North America, who was primed to join them with zero teams in the quarterfinals, found solace in an org who has made the top-eight its home over the years -- Cloud9 -- making their fifth quarterfinal appearance in six years.
Europe feels confident sending its two dynastic organizations, G2 Esports and Fnatic, to the knockout stage, the latter having the best chance for a western team to make the finals since 2011, where it won the inaugural title.
South Korea expected to send its trio of teams straight to the quarterfinals but, following a flubbed run by defending champion Gen.G and a near-disaster by the Afreeca Freecs, will only send a pair of teams to the next round. Still, KT Rolster, the country's champion, stands nearly spotless following the group stages, only losing a single game to its Chinese rivals.
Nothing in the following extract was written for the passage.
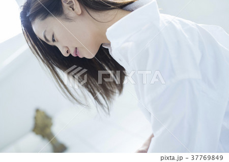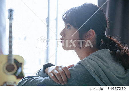 放鬆在屋子裡的婦女
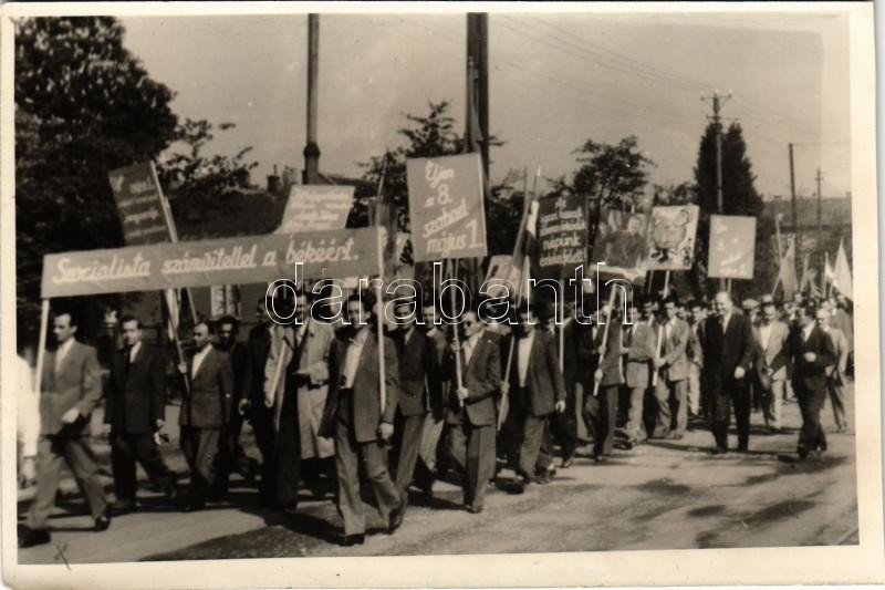 1952 Szombathely, A 8. szabad május 1-i felvonulás, ‘Szocialista számvitellel a békéért’ tábla. photo (non PC) (EK)<a href="https://www.darabanth.com/hu/gyorsarveres/415/kategoriak~Kepeslapok/Magyarorszag~1000005/1952-Szombathely-A-8-szabad-majus-1-

And finally, the only region to keep its numbers intact through play-ins and groups, we have China. The most dominant region over the course of 2018, the only thing left for China to do is win the Summoner's Cup for the first time in the region's history. At the forefront, Royal Never Give Up, the winners of the Mid-Season Invitational and both Chinese domestic seasons this year, will have its sights only on the final at the beginning of November in Incheon.
Before the action resumes in Busan, let's take a look at the matches that will determine the quartet who will be advancing to the semifinal stage in Gwangju.
KT Rolster (South Korea) vs. Invictus Gaming (China)
Storyline to watch: Rookie returns home
The opening quarterfinal might have both the best team at the world championship and the best player, but just on opposing sides. KT Rolster, with maybe the exception of Europe's Fnatic, looked the strongest through the group stage marathon, and the team of five superstars at each position were a sight to behold when they were firing on all cylinders. For Invictus Gaming, the Chinese side trying to stop the speeding juggernaut of KT, they will put their faith in a man who was brought up in the KT organization: Song "Rookie" Eui-jin.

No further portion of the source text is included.